EGU General Assembly 2021
© Author(s) 2021. This work is distributed under
the Creative Commons Attribution 4.0 License.

Global, high-resolution statistical modelling of NO2

Meng Lu1, Oliver Schmitz1, Kees de Hoogh2,3, Perry Hystad4, Luke Knibbs5, Qin Kai6, and Derek Karssenberg1
Meng Lu et al.
  • 1Utrecht University, Geoscience, Physical Geography, Utrecht, Netherlands (
  • 2Swiss Tropical and Public Health Institute, Basel, Switzerland
  • 3University of Basel, Basel, Switzerland
  • 4Oregon state University, USA
  • 5The University of Queensland, Australia
  • 6China University of Mining and Technology

High spatial resolution (<100m) mapping of NO2 at various temporal scales (e.g., hours of the week, month, or year) provides opportunities to study the relationship between personal air pollution exposure and health over large populations. Statistical modelling of NO2 at the global scale provides high-resolution estimations for countries with deficient ground station measurements and provides air pollution maps and human exposures with consistent uncertainties for global health studies. Our objective is to develop spatiotemporally-resolved statistical learning models, understand the temporal dynamics of NO2 and the contributing sources, and open-source our global NO2 prediction maps at 100 m resolution.
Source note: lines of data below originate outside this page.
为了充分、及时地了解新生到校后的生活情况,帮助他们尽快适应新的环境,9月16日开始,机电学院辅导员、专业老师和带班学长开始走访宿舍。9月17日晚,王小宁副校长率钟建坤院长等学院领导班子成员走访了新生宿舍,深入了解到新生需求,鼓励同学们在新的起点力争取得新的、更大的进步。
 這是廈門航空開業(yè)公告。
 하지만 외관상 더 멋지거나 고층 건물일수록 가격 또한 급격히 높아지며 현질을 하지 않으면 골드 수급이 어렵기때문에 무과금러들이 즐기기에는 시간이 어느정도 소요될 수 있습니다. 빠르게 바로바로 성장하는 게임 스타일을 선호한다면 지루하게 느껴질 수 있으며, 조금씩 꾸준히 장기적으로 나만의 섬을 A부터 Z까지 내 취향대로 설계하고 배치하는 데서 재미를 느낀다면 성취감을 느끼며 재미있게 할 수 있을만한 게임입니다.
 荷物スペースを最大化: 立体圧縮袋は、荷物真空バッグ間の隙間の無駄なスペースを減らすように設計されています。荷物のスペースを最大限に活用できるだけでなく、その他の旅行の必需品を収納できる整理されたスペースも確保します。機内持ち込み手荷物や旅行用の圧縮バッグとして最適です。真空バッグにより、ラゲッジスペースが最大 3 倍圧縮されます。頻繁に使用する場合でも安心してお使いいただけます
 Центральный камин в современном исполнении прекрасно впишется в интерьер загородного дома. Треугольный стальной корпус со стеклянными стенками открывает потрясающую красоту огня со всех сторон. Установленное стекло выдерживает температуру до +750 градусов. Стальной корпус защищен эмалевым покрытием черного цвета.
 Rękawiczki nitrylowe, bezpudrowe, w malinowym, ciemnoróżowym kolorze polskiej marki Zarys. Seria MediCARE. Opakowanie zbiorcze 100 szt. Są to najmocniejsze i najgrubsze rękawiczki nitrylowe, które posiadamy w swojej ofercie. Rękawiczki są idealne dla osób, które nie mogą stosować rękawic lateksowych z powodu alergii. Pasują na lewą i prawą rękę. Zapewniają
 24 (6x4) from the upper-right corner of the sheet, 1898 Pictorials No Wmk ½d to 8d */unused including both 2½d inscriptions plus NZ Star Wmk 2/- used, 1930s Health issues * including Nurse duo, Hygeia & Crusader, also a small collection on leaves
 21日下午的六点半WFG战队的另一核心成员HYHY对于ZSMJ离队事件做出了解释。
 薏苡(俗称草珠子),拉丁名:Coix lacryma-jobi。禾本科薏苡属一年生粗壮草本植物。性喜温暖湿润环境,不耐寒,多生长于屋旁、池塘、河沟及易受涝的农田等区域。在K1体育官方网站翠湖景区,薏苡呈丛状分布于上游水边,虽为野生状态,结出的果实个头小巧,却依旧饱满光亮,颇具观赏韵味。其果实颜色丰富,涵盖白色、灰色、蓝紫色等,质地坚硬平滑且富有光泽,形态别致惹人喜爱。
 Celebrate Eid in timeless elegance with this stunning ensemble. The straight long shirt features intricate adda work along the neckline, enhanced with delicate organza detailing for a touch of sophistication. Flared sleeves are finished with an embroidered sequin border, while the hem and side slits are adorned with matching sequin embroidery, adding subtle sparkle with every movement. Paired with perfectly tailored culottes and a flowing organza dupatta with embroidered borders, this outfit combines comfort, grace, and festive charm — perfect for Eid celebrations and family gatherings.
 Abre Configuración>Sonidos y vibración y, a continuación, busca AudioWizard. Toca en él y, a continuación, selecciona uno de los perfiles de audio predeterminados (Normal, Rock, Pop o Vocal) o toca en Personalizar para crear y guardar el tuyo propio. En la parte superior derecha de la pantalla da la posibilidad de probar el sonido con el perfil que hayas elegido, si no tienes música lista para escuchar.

The global maps are provided at various temporal aggregations (e.g. separating between weekdays and weekends, day and night) and spatial aggregations (e.g. multiple gridded resolutions, administrative units) to facilitate global exposure assessment. To create these maps, we compiled from multiple sources a dataset of hourly NO2 measurements from more than 7000 ground stations over the globe, considerably larger in size and spatiotemporal coverage than used in recent high-resolution NO2 mapping studies. For statistical modelling, geospatial predictors include Sentinel-5 satellite (Tropomi instrument) measurements, variables relating to the emission sources (e.g., road network), dispersion processes (e.g., meteorological variables), elevation and Earth nightlights (from VIIRS nightlight data). We evaluate various statistical models including linear models, ensemble tree-based models, deep convolution models, stacked models with regularisation, and hierarchical modelling strategies and select the optimal model for mapping. Evaluation of models included uncertainty assessment as well as spatial validation methods.

How to cite: Lu, M., Schmitz, O., de Hoogh, K., Hystad, P., Knibbs, L., Kai, Q., and Karssenberg, D.: Global, high-resolution statistical modelling of NO2, EGU General Assembly 2021, online, 19–30 Apr 2021, EGU21-6355,, 2021.